Internal combustion engines, including diesel engines, gasoline engines, gaseous fuel-powered engines, and other engines known in the art, may exhaust a complex mixture of air pollutants. The air pollutants may be composed of gaseous and solid compounds, including particulate matter, nitrogen oxides (NOx), and sulfur compounds. Due to heightened environmental concerns, exhaust emission standards have become increasingly stringent. The amount of pollutants emitted from an engine may be regulated depending on the type, size, and/or class of engine. One method that has been implemented by engine manufacturers to comply with the regulation of NOx exhausted to the environment has been to implement a strategy called selective catalytic reduction (SCR).
SCR is a process by which gaseous or liquid reductant (e.g., urea or ammonia) is added to the flow of exhaust from an engine. The combined flow is then absorbed onto a catalyst. The reductant reacts with NOx in the flow of exhaust to form H2O and N2. SCR may be more effective when a ratio of NO to NO2 in the flow of exhaust supplied to the SCR catalyst is about 50:50. Some engines, however, may produce a flow of exhaust having a NO to NO2 ratio of approximately 95:5. In order to increase the relative amount of NO2 to achieve a NO to NO2 ratio of closer 50:50, a diesel oxidation catalyst (DOC) may be located upstream of the SCR catalyst to convert NO to NO2.
One system that includes a DOC to increase a relative amount of NO2 in a flow of exhaust is described in U.S. Pat.
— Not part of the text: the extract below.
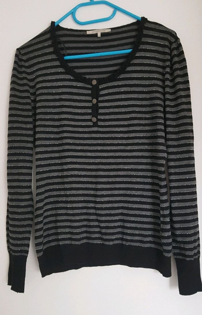 Pull Gerard Darel en TBE, rayé gris / noir et argent, taille 2 (38/40 - M). ☆Réduction pour les lots 😉 -> Autres articles femme ici : #drine35_femme (N'oubliez pas d'annuler tous les filtres sélectionnés pour tout voir).
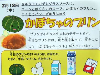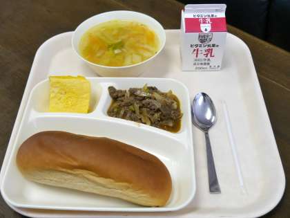 今日の献立は、牛肉のデミグラスソース煮、コーンと白菜のスープ、かぼちゃプリン、黒糖パン、牛乳でした。

No. 6,846,464 (the '464 patent) issued to Montreuil et al. The '464 patent describes a catalytic device including two chambers. The first chamber includes tubes coated with a catalytic material such as platinum that oxidizes NO and hydrocarbons. The second chamber includes tubes coated with a catalytic material such as palladium that oxidizes NO and hydrocarbons. An SCR catalyst is provided downstream from the two chambers of the catalytic device.
Although the system of the '464 patent may provide an oxidation catalyst that increases the amount of NO2 in the flow of exhaust, all of the tubes of the oxidation catalyst are coated with an NO oxidizing material, such as platinum or palladium. Therefore, the entire flow of exhaust contacts either the platinum or the palladium coating on the oxidation catalyst. As a result, there is a risk of providing too much NO2 compared to NO. When there is too much NO2, NOx reduction in the reduction catalyst is much slower, and therefore, a larger reduction catalyst is necessary to effectively reduce NOx in the flow of exhaust.
The disclosed system is directed to overcoming one or more of the problems set forth above.